■ Activity ■
From the records below, print exactly the lines starting at the one containing "Blush Pink Bloral" and ending at the one containing "Die Wohnung verfügt", ends included, and nothing else.

■ Data to examine ■
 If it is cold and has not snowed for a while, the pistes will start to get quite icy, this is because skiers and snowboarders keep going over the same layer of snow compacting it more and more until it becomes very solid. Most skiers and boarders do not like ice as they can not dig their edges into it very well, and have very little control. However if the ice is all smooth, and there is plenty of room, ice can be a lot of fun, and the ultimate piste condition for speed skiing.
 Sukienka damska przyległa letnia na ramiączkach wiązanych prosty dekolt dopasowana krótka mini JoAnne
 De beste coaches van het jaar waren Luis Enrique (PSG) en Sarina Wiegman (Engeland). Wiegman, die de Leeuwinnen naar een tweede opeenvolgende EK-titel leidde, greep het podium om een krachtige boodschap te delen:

--

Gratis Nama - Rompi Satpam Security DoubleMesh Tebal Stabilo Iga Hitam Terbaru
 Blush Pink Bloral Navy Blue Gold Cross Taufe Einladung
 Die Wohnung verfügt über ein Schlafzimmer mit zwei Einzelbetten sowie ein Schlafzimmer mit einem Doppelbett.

---

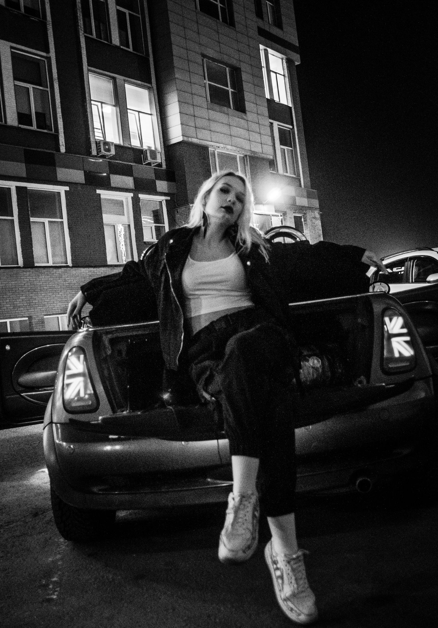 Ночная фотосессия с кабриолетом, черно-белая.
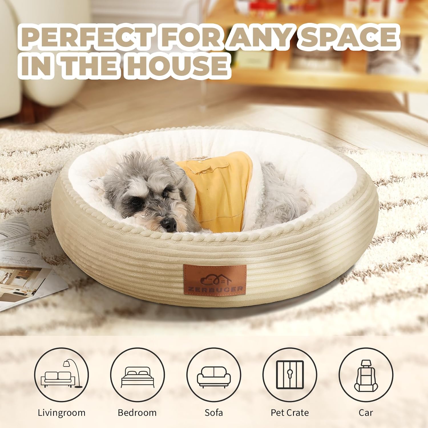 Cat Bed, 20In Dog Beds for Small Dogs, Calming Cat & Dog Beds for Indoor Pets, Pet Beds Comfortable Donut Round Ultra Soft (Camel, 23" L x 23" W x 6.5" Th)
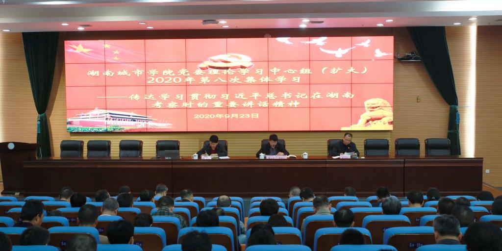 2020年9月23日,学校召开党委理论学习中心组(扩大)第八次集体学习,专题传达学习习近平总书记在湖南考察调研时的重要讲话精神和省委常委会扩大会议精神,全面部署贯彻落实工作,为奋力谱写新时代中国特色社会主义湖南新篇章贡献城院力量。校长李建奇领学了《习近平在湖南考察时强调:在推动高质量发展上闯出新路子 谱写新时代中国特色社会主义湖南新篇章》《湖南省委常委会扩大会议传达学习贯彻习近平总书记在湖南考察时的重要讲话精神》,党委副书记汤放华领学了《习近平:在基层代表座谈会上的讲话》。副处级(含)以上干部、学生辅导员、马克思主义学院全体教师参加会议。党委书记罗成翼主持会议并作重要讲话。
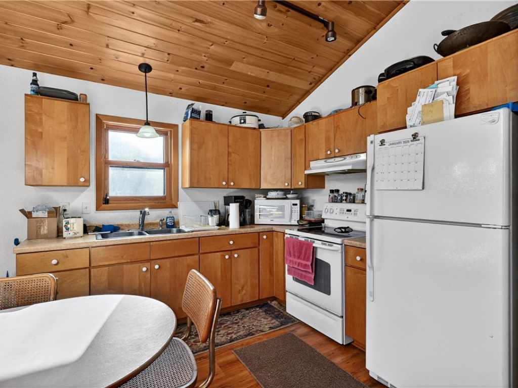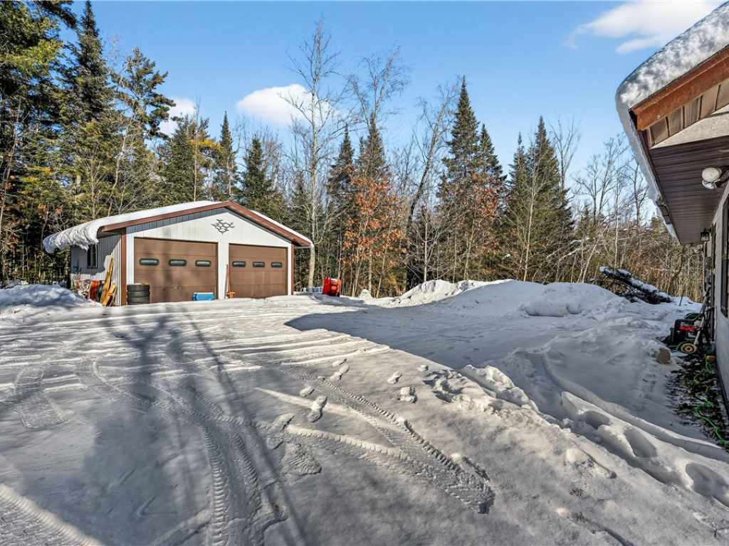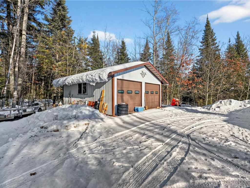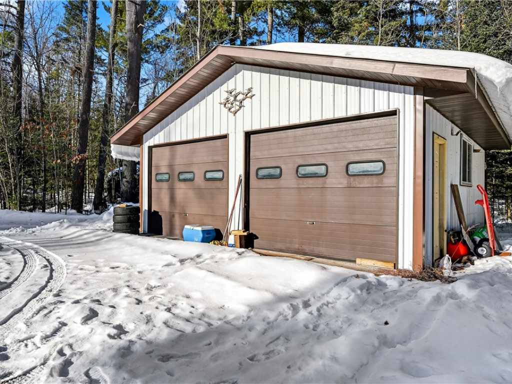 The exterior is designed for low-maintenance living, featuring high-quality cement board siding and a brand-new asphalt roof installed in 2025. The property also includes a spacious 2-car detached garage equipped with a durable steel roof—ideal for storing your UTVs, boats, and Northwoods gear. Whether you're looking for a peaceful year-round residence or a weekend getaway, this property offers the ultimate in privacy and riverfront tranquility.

■ Solution to this exercise ■
 Blush Pink Bloral Navy Blue Gold Cross Taufe Einladung
 Die Wohnung verfügt über ein Schlafzimmer mit zwei Einzelbetten sowie ein Schlafzimmer mit einem Doppelbett.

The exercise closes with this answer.